Thus, it was that the Allied fleet remained off the coast of Salamis into September, despite the imminent arrival of the Persians. Even after Athens fell to the advancing Persian army, the Allied fleet still remained off the coast of Salamis, trying to lure the Persian fleet to battle. Partly as a result of subterfuge on the part of Themistocles, the navies finally engaged in the cramped Straits of Salamis. There, the large Persian numbers were an active hindrance, as ships struggled to manoeuvre and became disorganised. Seizing the opportunity, the Greek fleet attacked, and scored a decisive victory, sinking or capturing at least 200 Persian ships, and thus ensuring the Peloponnesus would not be outflanked.

According to Herodotus, after this loss Xerxes attempted to build a causeway across the straits to attack Salamis (although Strabo and Ctesias place this attempt before the battle). In any case, this project was soon abandoned. With the Persians' naval superiority removed, Xerxes feared that the Greeks might sail to the Hellespont and destroy the pontoon bridges. According to Herodotus, Mardonius volunteered to remain in Greece and complete the conquest with a hand-picked group of troops, while advising Xerxes to retreat to Asia with the bulk of the army. All of the Persian forces abandoned Attica, with Mardonius over-wintering in Boeotia and Thessaly.

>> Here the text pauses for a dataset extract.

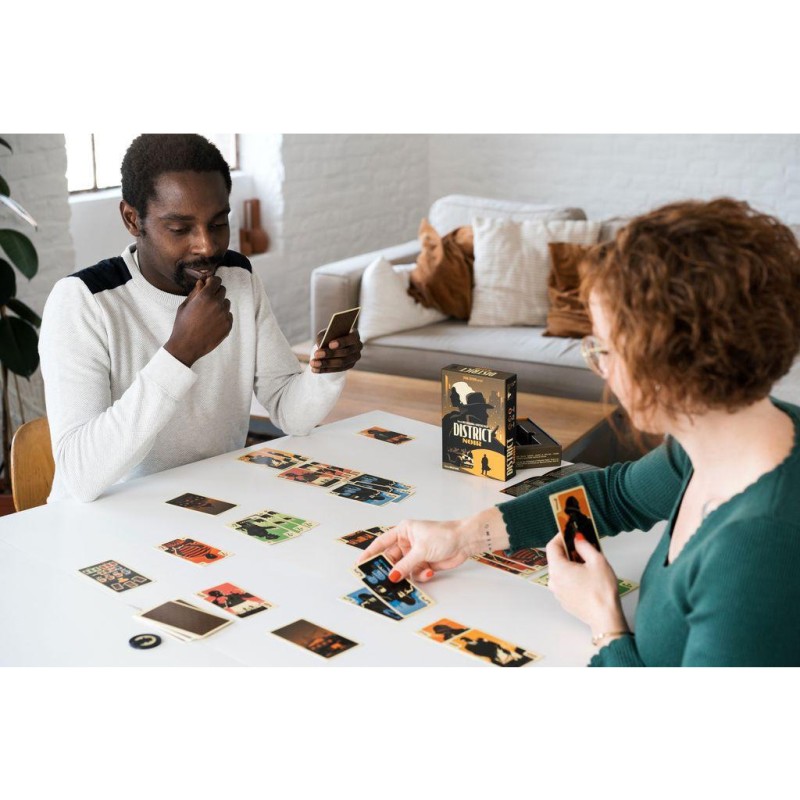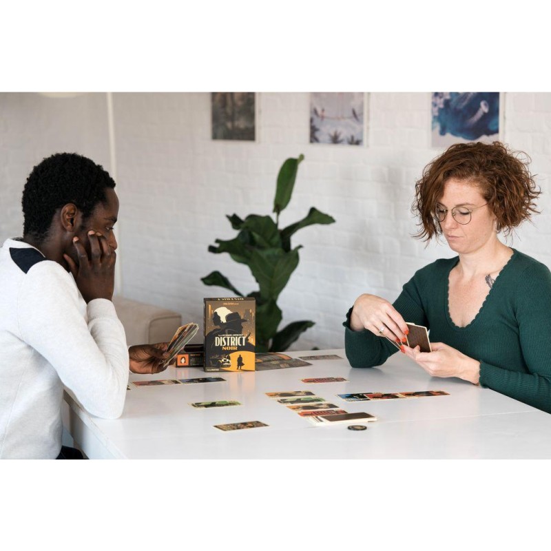 District Noir est un jeu dans lequel il faudra faire appel à son sens tactique puisqu'il faudra gérer du mieux possible sa main de cartes. En effet, les cartes que l'on possède en main sont d'abord posées au centre de la table et pourront donc être récupérées par soi comme par l'adversaire. Il va falloir également avoir le sens du timing : quelles cartes je pose et dans quel ordre ? à quel moment est-ce que je récupère des cartes ? District Noir est aussi un jeu avec de la prise de risque et du bluff. Il faudra essayer d'amener son adversaire à faire de mauvais choix. Enfin il y a une vraie tension qui s'installe car les joueurs pourront parfois l'emporter immédiatement en rassemblant certaines cartes. Mais ce qui reste le plus intéressant c'est qu'on va pouvoir ressentir cette expérience de jeu dans des parties de seulement 15 minutes et avec des règles extrêmement simples.

Some Athenians were thus able to return to their burnt-out city for the winter. They would have to evacuate again in front of a second advance by Mardonius in June 479 BC.

==Autumn/winter 480/479 BC==

===Siege of Potidaea===
According to Herodotus a Persian general known as Artabazus escorted Xerxes to the Hellespont with 60,000 men; as he neared Pallene on the return journey to Thessaly: "he thought it right that he should enslave the people of Potidaea, whom he found in revolt". Despite attempts to capture Potidaea by treachery, the Persians were forced to keep up the siege for three months. Then, attempting to use an unusually low tide to attack the town from sea, the Persian army was caught by the returning tide, many drowning and the survivors being attacked by the Potideans in boats. Artabazus was thus forced to lift the siege, and return to Mardonius in Thessaly with the remnants of his men.

===Siege of Olynthus===
While besieging Potidea, Artabazus also decided to besiege Olynthus, which was also in revolt. The town was held by the Bottiaean tribe, who had been driven out of Macedon. Having taken the town, he massacred the defenders and handed over the town to the Chalcidian people.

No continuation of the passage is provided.